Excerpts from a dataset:

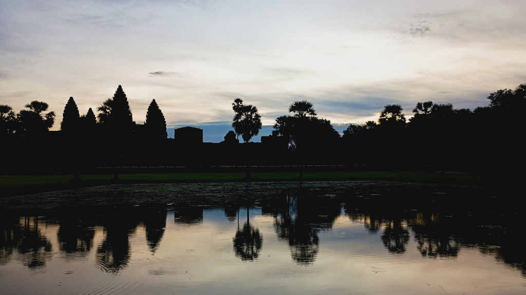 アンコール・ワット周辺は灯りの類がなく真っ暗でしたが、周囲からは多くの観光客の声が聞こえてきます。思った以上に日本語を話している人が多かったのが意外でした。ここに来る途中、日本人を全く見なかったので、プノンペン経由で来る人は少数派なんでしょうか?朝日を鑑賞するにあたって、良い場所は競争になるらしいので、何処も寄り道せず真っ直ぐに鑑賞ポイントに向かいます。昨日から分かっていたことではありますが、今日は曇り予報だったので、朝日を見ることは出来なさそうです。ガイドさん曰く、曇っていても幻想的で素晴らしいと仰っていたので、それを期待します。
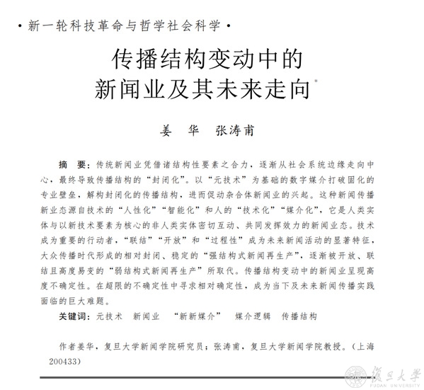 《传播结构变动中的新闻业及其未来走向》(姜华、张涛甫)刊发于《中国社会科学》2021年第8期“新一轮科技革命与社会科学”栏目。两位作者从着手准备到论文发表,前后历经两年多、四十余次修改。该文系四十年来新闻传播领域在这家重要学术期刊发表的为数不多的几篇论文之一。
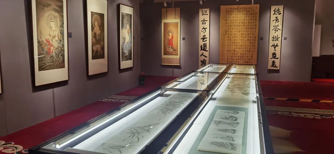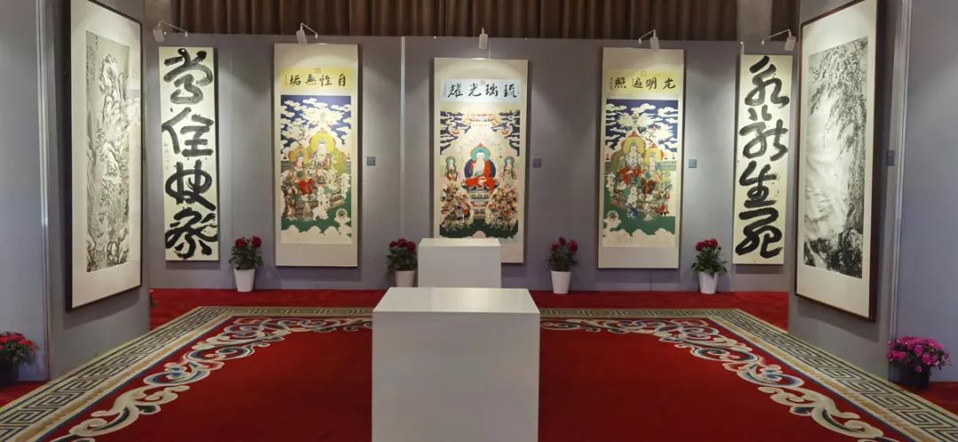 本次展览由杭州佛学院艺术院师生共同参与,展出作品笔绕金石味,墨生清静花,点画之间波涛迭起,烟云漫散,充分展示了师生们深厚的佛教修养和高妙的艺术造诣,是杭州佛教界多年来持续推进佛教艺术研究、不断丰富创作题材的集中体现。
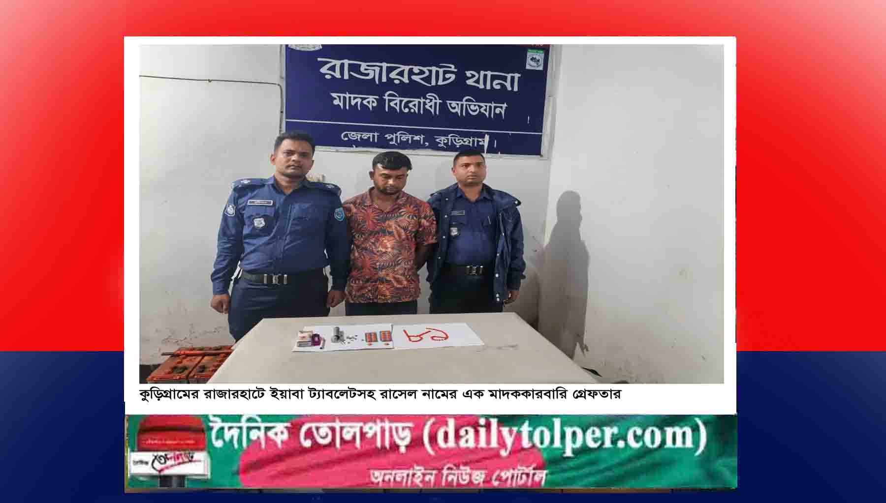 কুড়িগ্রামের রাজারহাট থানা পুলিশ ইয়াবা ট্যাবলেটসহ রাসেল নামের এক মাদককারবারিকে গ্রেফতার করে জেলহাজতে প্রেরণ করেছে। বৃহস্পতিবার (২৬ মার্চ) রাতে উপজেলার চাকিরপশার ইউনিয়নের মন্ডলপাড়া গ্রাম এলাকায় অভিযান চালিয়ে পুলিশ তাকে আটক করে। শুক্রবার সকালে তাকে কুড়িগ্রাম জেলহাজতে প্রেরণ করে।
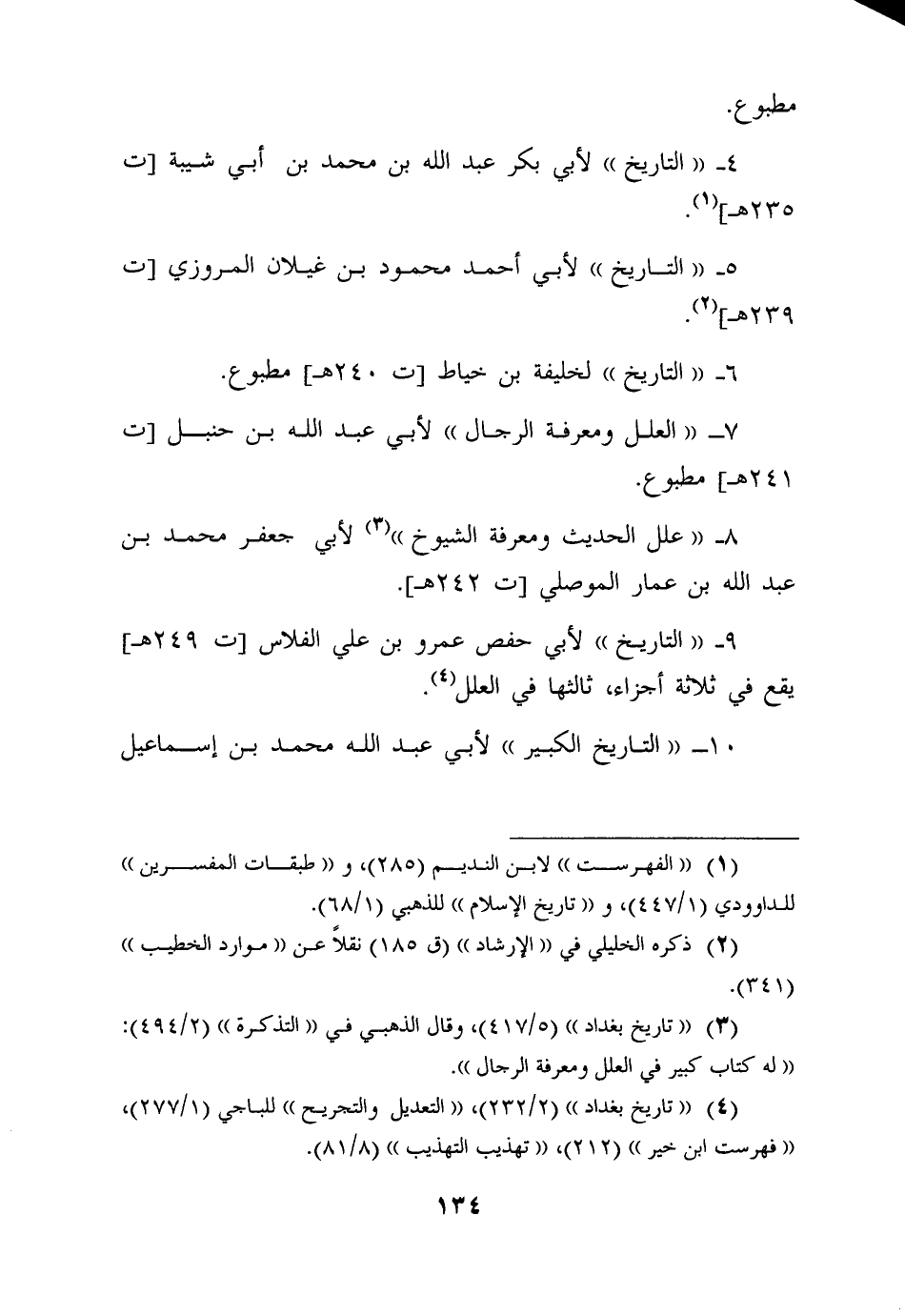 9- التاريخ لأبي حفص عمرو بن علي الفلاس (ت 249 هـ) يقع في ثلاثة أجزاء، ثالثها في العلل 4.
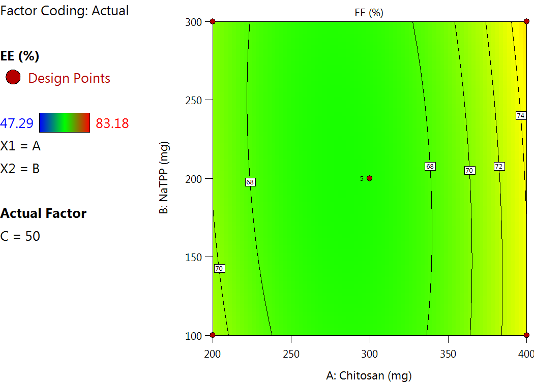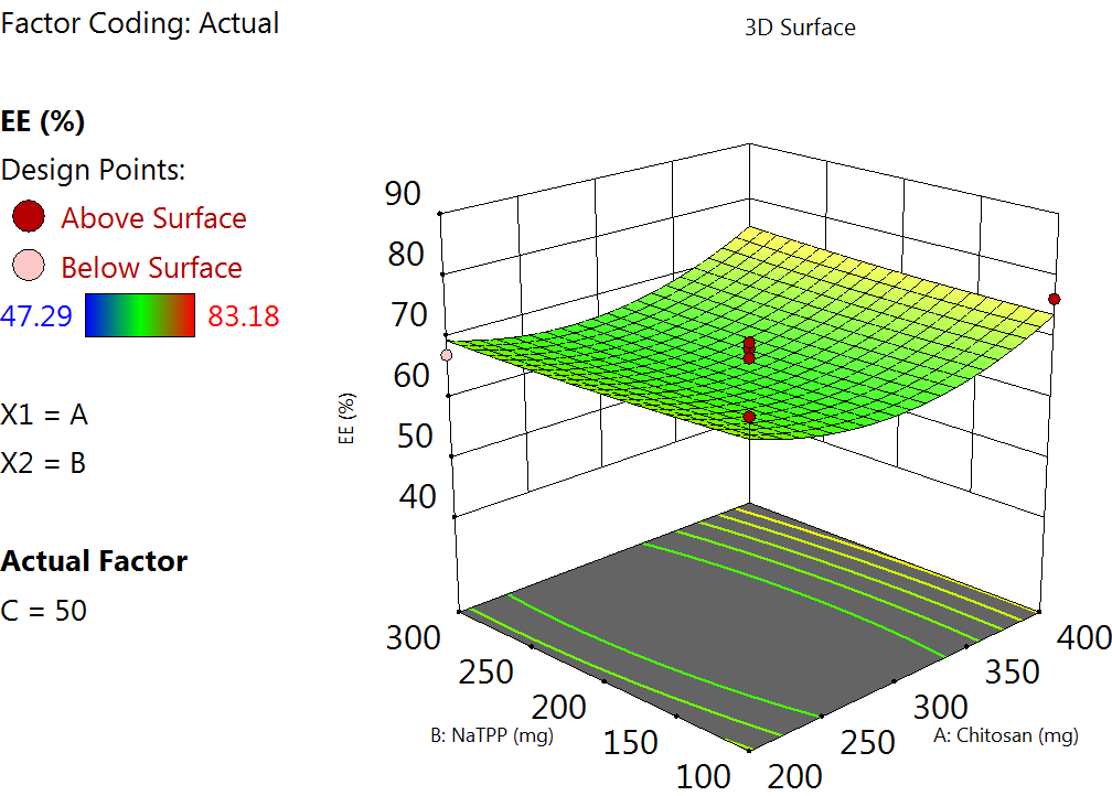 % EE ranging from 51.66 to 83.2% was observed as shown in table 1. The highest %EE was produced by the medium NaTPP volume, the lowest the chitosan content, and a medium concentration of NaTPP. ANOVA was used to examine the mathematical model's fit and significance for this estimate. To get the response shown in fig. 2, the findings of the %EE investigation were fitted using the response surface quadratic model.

WHAT YOU HAVE TO DO » Keep every word of the records and none of the pictures when you print them again.

COMPLETED TASK »
 アンコール・ワット周辺は灯りの類がなく真っ暗でしたが、周囲からは多くの観光客の声が聞こえてきます。思った以上に日本語を話している人が多かったのが意外でした。ここに来る途中、日本人を全く見なかったので、プノンペン経由で来る人は少数派なんでしょうか?朝日を鑑賞するにあたって、良い場所は競争になるらしいので、何処も寄り道せず真っ直ぐに鑑賞ポイントに向かいます。昨日から分かっていたことではありますが、今日は曇り予報だったので、朝日を見ることは出来なさそうです。ガイドさん曰く、曇っていても幻想的で素晴らしいと仰っていたので、それを期待します。
 《传播结构变动中的新闻业及其未来走向》(姜华、张涛甫)刊发于《中国社会科学》2021年第8期“新一轮科技革命与社会科学”栏目。两位作者从着手准备到论文发表,前后历经两年多、四十余次修改。该文系四十年来新闻传播领域在这家重要学术期刊发表的为数不多的几篇论文之一。
 本次展览由杭州佛学院艺术院师生共同参与,展出作品笔绕金石味,墨生清静花,点画之间波涛迭起,烟云漫散,充分展示了师生们深厚的佛教修养和高妙的艺术造诣,是杭州佛教界多年来持续推进佛教艺术研究、不断丰富创作题材的集中体现。
 কুড়িগ্রামের রাজারহাট থানা পুলিশ ইয়াবা ট্যাবলেটসহ রাসেল নামের এক মাদককারবারিকে গ্রেফতার করে জেলহাজতে প্রেরণ করেছে। বৃহস্পতিবার (২৬ মার্চ) রাতে উপজেলার চাকিরপশার ইউনিয়নের মন্ডলপাড়া গ্রাম এলাকায় অভিযান চালিয়ে পুলিশ তাকে আটক করে। শুক্রবার সকালে তাকে কুড়িগ্রাম জেলহাজতে প্রেরণ করে।
 9- التاريخ لأبي حفص عمرو بن علي الفلاس (ت 249 هـ) يقع في ثلاثة أجزاء، ثالثها في العلل 4.
 % EE ranging from 51.66 to 83.2% was observed as shown in table 1. The highest %EE was produced by the medium NaTPP volume, the lowest the chitosan content, and a medium concentration of NaTPP. ANOVA was used to examine the mathematical model's fit and significance for this estimate. To get the response shown in fig. 2, the findings of the %EE investigation were fitted using the response surface quadratic model.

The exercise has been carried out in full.